Talk about your disconnects.

For me, it’s a rather simple proposition. For as long as there have been humans the vast majority have looked outward, and the human world, despite all its self-proclaimed ‘progress,’ is getting nowhere (if not digging itself a deeper hole). Our seas are filled with trash instead of fish; great armies and their weapons of mass destruction await instruction from their increasingly egoic bosses; a huge (and growing number) of our children are anxious and depressed and suicidal and at younger and younger ages. You know the list as well as I.

Conversely, there is the humble, gentle guidance of the mystics and masters, those who tread soft across this earth and tell us that the external world is maya, illusion, dream stuff, and that Truth, our real nature, lies within.

This from Robert Adams: “I can assure you there’s no such thing as God, there’s no such thing as creation, and there’s no such thing as the universe. So there’s no such thing as the world. And there’s no such thing as you. There’s no such thing as I. What is left? Silence!”

But what the hell is the mind going to do with silence? With stillness? (The emptiness, mind you, from which you, and I, the universe itself emanated.)
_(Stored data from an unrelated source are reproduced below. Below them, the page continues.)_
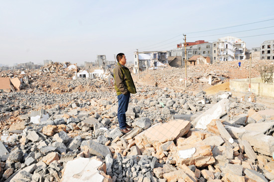 百炉屯小学副校长李末,站在废墟上凝望着学校,正是有了他们的坚守,学生才得以正常上课。CFP供图
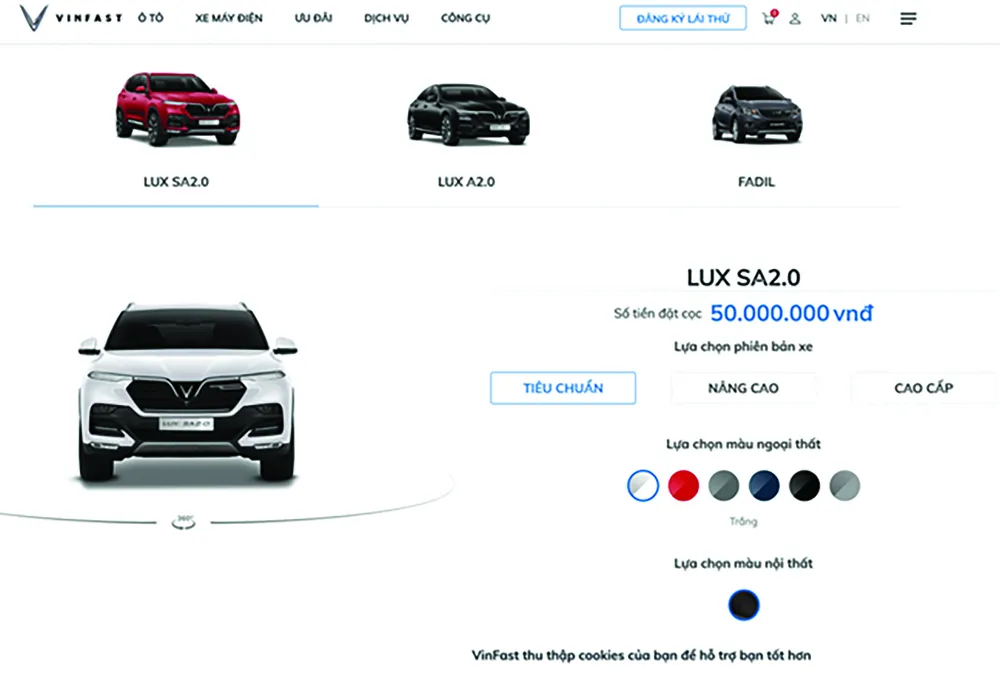 Các nền tảng thương mại điện tử hiện tại của 3 hãng trên, khách hàng có thể hình dung một cách tổng quan về cấu hình xe được lựa chọn theo sở thích. Giao diện điện tử với cơ sở dữ liệu được hãng xây dựng sẵn cho phép khách đối chiếu, so sánh cùng lúc nhiều mẫu xe, điều mà khi khách có mặt ở đại lý thường không thể thực hiện. Qua đó khách hàng cũng dễ dàng đưa ra lựa chọn và quyết định sớm.
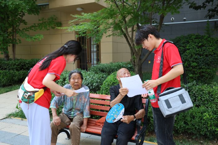 图为实践队员在太乙城社区进行居民实地问卷调研
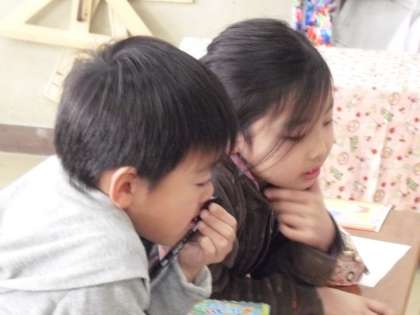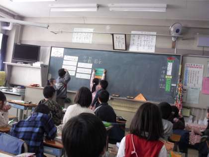 折り紙を使って、2年生が分数の学習をしました。折って広げて、同じ大きさの形がいくつできたから と何分の1と答えていました。操作活動を取り入れて学んでいました。
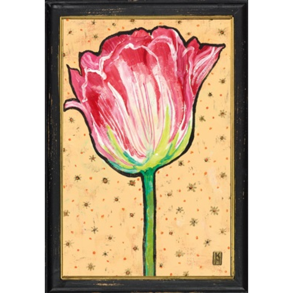 De afbeelding van de roze tulp is uitgevoerd in een expressieve, gelaagde schilderstijl. De levendige roze- en wit-tinten van de bloembladen vormen een prachtig contrast met de warme, zachtgele achtergrond, die subtiel is gedecoreerd met een patroon van kleine gouden steraccenten. Het werk is gevat in een robuuste zwarte houten lijst met een verfijnde gouden binnenrand, die de botanische print een luxe uitstraling geeft. De licht verweerde afwerking van de lijst voegt een authentieke vintage touch toe aan het geheel.

So the mind either ignores such teachings, or its takes hold of them and erects stories it can do something with.

Jesus gave some talks. His followers took those words and created a movement and then a religion and the dogma and scripture that goes with it until such time as his words were virtually unrecognizable and untold lives were ruined in the process. THAT is the human mind in action.

What to do with that agitated mind? Echoing Jesus, David Carse reminds us: “Be still and know that I am God.”  

That stillness, silence thing again.

Mind you, the ‘I’ in that equation is you – and me, each of us. Not you, as in the mental version of you. No, I’m pretty sure we’re talking about the spontaneous, always-there awareness that exists just beneath the veneer of ‘you’ and ‘I.’ In fact, it’s the very same awareness that makes ‘you’ even possible.

Within or without. Perhaps the choice is yours. What I know is that I have no choice – as time goes by, I am continually called toward the mystery of Being and find myself increasingly allergic to the human world around me.

To be sure, I can dive right into it, be the life of the party, even. But that journey within almost makes those times more enjoyable, because for the most part I can participate without taking them so damned serious.

There are times, too, where life does grab hold of me, takes me by surprise, pulls me back in. Times when this spiritual journey grows wearisome, where my frustrations at not seeing ‘results’ boils over and I rant against the whole thing and swear I’ll give it up for a life of hedonism or materialism or whatever.

But not long after comes the recognition (the grace?), “That is your mind speaking, the same mind that for so long punished you and continues to punish the world; the mind that punishes you now.”

And with that I breathe deep and head off for a walk in the  woods or a quiet moment to myself to abandon this silly little story of me and the world around it.

This too from Adams:

“Always remember, deep in your heart that all is well and everything is unfolding as it should. You are the Self (God Within), That perfect, immutable Self. There is only the one Self and you are That. You are bright and shining. You are the sun behind the clouds. Rejoice! All is well.”